Task input:
================

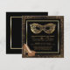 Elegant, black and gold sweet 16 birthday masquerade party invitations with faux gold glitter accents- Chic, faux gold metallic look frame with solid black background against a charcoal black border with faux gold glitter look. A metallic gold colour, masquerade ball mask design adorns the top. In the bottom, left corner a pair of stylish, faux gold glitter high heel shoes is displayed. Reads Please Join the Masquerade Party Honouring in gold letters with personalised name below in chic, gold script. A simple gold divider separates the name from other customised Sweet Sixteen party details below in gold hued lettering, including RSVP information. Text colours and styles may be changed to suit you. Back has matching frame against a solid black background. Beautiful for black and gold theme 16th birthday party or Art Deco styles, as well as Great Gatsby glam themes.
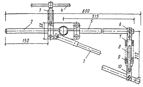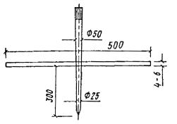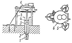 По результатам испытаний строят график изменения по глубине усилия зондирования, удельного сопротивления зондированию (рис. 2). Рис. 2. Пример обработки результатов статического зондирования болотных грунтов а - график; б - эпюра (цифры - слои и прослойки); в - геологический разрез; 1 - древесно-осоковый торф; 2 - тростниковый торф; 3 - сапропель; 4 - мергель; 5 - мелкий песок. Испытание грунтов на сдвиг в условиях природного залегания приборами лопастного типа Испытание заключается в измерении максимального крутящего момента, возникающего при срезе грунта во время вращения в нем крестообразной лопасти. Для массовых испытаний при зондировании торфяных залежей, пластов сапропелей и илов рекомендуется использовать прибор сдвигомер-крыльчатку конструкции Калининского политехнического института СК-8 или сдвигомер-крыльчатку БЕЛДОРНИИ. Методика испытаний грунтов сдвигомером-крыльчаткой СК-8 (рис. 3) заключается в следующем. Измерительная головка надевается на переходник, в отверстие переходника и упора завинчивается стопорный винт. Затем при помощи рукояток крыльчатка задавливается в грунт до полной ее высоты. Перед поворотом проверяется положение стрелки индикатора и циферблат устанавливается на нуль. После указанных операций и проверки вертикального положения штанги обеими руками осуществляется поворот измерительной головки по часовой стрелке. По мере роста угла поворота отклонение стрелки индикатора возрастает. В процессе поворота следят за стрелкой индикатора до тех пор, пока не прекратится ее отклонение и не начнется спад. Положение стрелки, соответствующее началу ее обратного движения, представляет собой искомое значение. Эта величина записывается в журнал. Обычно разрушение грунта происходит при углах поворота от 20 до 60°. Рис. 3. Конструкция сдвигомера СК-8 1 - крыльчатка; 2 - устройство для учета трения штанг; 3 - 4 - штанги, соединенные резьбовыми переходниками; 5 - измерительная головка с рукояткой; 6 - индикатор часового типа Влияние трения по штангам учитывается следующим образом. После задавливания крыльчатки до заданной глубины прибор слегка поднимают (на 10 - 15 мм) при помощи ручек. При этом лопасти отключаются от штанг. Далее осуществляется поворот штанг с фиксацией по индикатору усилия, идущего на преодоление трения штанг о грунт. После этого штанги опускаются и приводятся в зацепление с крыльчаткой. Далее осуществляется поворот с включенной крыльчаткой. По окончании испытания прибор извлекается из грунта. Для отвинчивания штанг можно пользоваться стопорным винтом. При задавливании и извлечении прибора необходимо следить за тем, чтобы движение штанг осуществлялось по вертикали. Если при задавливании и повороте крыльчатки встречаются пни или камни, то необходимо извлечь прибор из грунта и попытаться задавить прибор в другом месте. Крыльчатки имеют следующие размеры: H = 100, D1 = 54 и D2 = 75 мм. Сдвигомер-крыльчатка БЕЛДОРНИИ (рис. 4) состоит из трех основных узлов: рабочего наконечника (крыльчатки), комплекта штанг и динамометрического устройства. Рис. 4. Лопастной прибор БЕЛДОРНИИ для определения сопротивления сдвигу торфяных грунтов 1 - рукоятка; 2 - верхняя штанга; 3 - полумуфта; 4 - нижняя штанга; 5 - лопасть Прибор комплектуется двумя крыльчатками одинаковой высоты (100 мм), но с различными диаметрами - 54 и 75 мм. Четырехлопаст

================

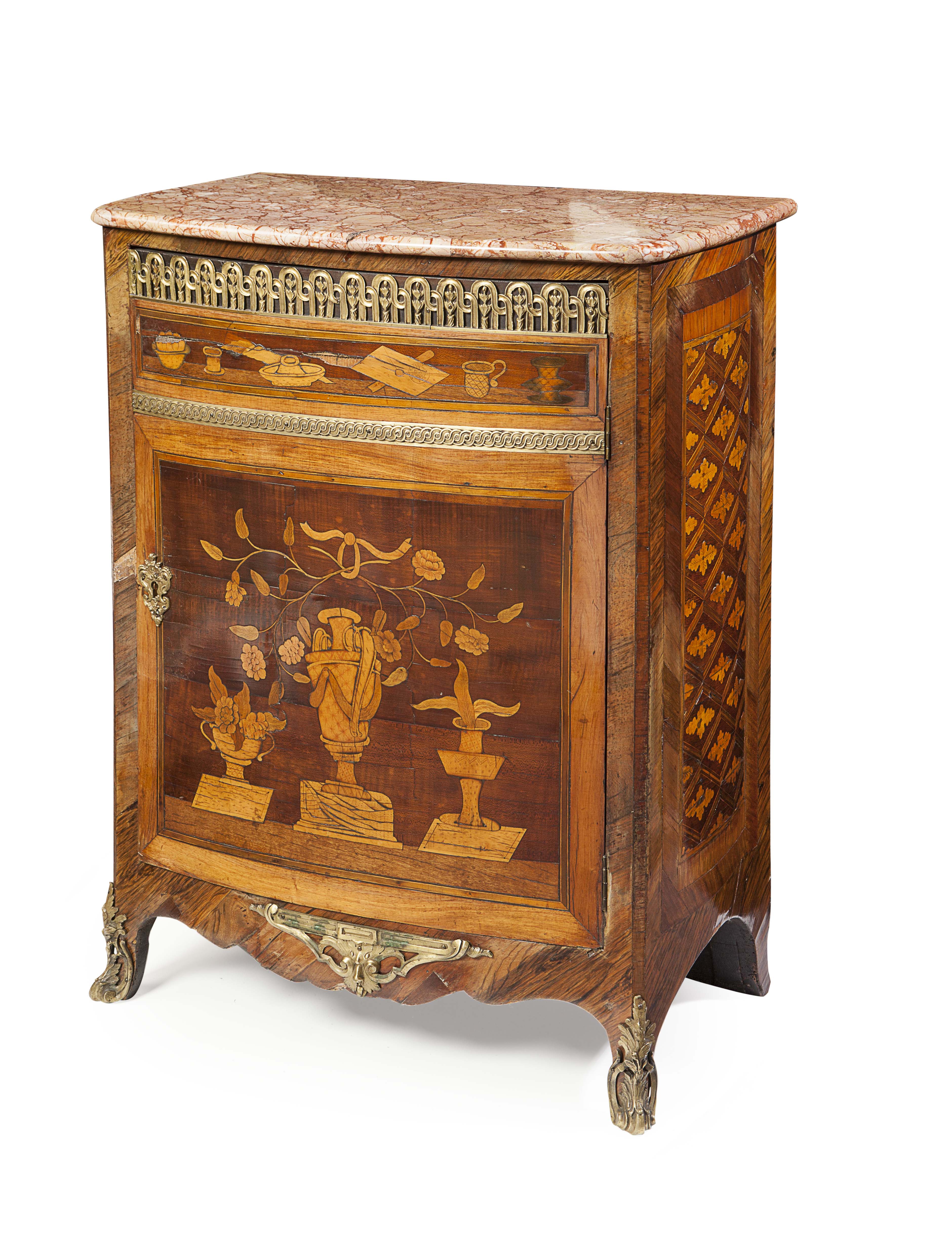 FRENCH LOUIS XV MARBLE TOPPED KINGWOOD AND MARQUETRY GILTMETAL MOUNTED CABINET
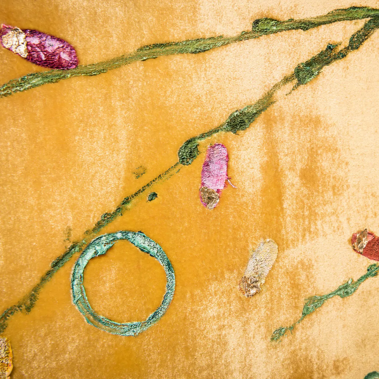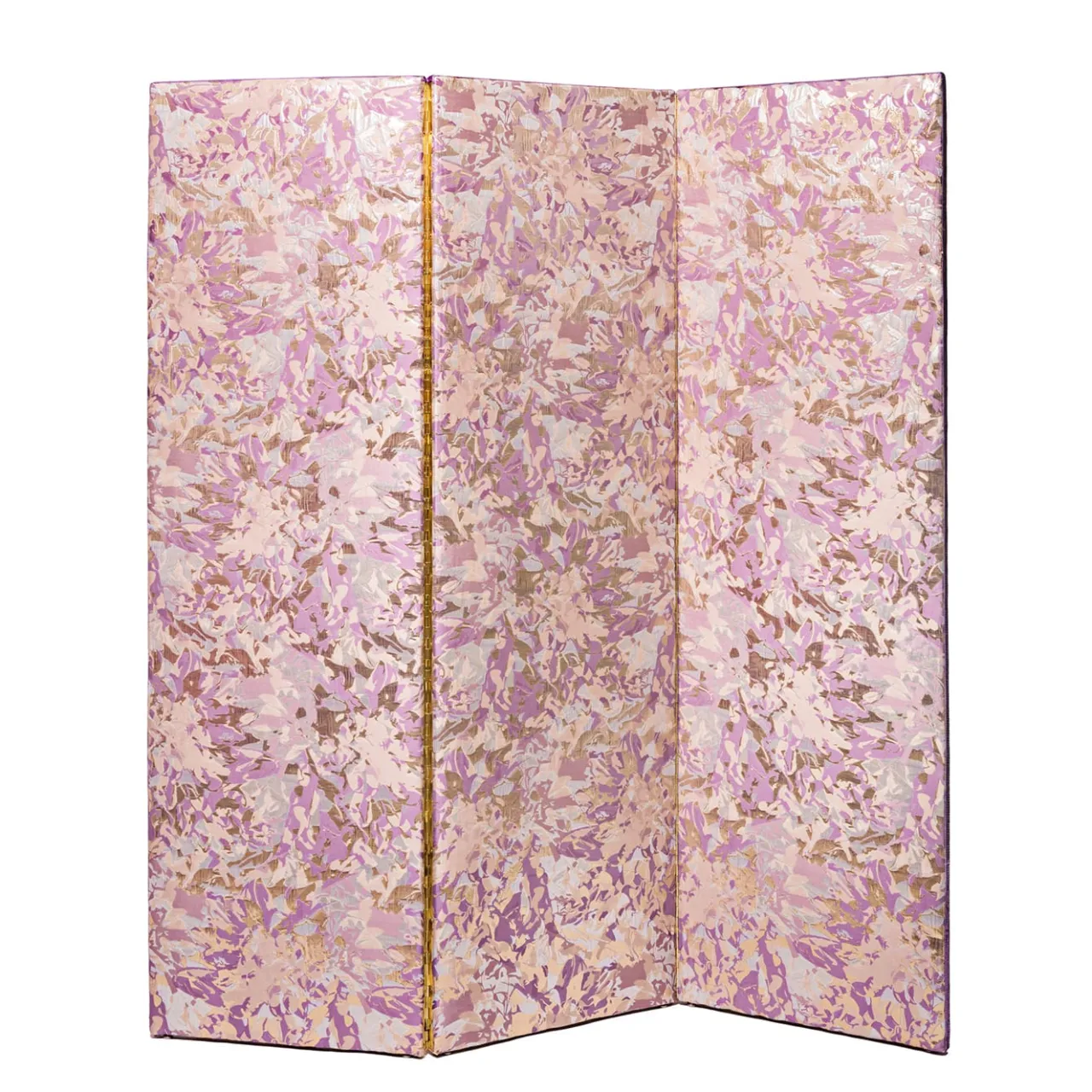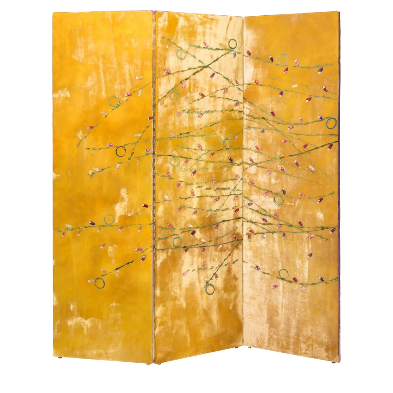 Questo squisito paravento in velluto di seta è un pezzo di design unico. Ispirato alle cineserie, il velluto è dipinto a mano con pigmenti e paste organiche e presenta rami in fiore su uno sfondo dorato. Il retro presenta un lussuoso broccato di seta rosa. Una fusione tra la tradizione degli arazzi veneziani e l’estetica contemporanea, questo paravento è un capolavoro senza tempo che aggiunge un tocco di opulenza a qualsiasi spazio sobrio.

================

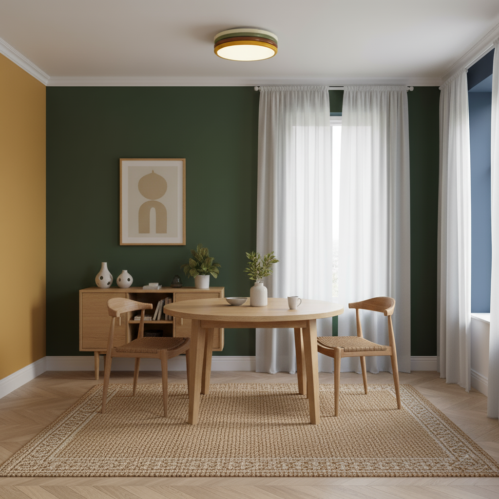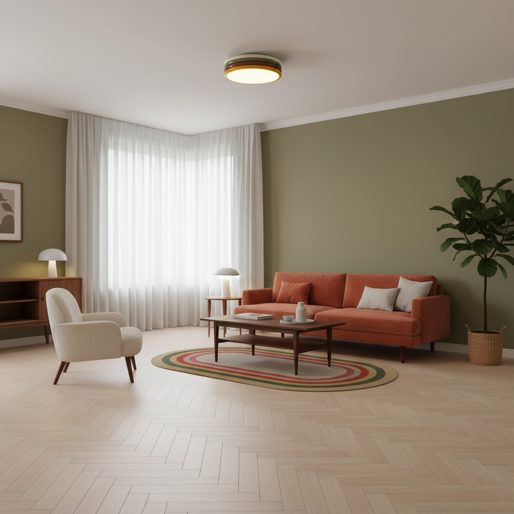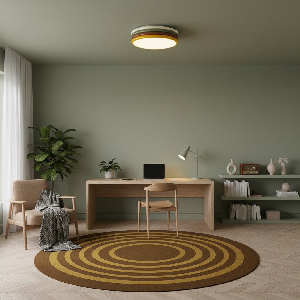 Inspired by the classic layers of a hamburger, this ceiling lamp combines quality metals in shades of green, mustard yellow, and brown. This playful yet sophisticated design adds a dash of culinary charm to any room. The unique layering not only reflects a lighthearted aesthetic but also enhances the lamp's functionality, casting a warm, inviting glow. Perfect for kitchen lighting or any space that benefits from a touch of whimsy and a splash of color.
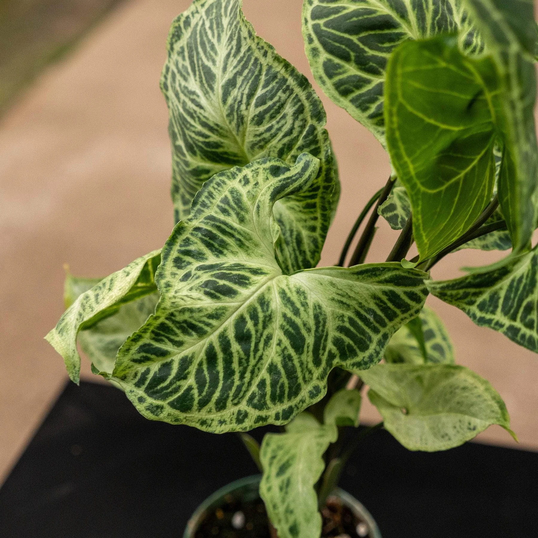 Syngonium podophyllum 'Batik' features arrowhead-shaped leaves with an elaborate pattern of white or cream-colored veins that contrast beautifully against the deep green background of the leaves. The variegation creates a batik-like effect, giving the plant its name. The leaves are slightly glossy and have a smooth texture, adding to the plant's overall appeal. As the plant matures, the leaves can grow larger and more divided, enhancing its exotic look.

================

Work item: Between and including the line above that contains "Inspired by the" and the line that contains "Syngonium podophyllum 'Batik'", restate every line word for word. Pictures stay out.

Finished exercise:
 Inspired by the classic layers of a hamburger, this ceiling lamp combines quality metals in shades of green, mustard yellow, and brown. This playful yet sophisticated design adds a dash of culinary charm to any room. The unique layering not only reflects a lighthearted aesthetic but also enhances the lamp's functionality, casting a warm, inviting glow. Perfect for kitchen lighting or any space that benefits from a touch of whimsy and a splash of color.
 Syngonium podophyllum 'Batik' features arrowhead-shaped leaves with an elaborate pattern of white or cream-colored veins that contrast beautifully against the deep green background of the leaves. The variegation creates a batik-like effect, giving the plant its name. The leaves are slightly glossy and have a smooth texture, adding to the plant's overall appeal. As the plant matures, the leaves can grow larger and more divided, enhancing its exotic look.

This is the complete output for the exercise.